Restrepo-Pelaez was knighted, Orden the Caballero de la Reina Isabel, in Spain.

===Conservation===
Restrepo-Peláez played an important role in the conservation of colonial architecture and monuments in Colombia. He personally restored the murals in the Casa de Juan de Castellanos in Tunja, Boyacá. The restoration was sponsored by Citibank.

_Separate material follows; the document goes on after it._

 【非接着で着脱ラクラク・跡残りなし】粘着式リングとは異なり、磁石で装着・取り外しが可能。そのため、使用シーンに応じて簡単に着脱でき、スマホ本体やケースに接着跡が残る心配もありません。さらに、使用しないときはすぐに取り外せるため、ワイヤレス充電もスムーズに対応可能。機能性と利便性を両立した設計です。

He also restored the series of colonial paintings in Sopó, Los Angeles de Sopó (the Angels of Sopó).

===Other work===
He exhibited individually in Rio de Janeiro (Galeria Carioca), Mexico City, Paris (Maison De l'Amérique Latine), London, Madrid (Galeria de Arte Moderno), Washington D.C. (Pan American Union), Fort Lauderdale, Florida, Bogotá (Biblioteca Nacional, Biblioteca Luis Angel Arango), Houston, Texas (Colombe D'Or, The Houstonian, Cherqui Gallery), Telluride, Colorado (Elinoff Gallery), and Jakarta at the Colombian consulate.

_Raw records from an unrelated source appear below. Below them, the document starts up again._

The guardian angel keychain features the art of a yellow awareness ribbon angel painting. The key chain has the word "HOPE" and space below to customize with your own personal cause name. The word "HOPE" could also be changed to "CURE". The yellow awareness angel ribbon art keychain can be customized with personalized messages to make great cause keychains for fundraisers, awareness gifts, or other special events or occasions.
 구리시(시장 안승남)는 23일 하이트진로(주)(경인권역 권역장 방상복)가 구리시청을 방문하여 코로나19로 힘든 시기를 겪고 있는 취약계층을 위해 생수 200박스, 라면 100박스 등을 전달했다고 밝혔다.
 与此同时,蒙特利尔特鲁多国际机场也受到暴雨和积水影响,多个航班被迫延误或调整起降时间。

For several years he explored the possibilities of working exclusively in black and white in search of technical effects usually obtained through the use of color. He was a "minimalist" as it relates to economy of color and subject matter as well as in his use of primitive materials, such as burlap, plywood, and casein paint. Restrepo focused on nudes and still life, save for the period when he was "artistic" Mayor of the colonial town of Villa de Leyva, Colombia, when he did contemporary representations of the town's colonial architecture.

==Publications==
- La Patria Boba, Cartas de un Colombiano Inconforme, El Homosexualismo en el Arte, Autoretraro.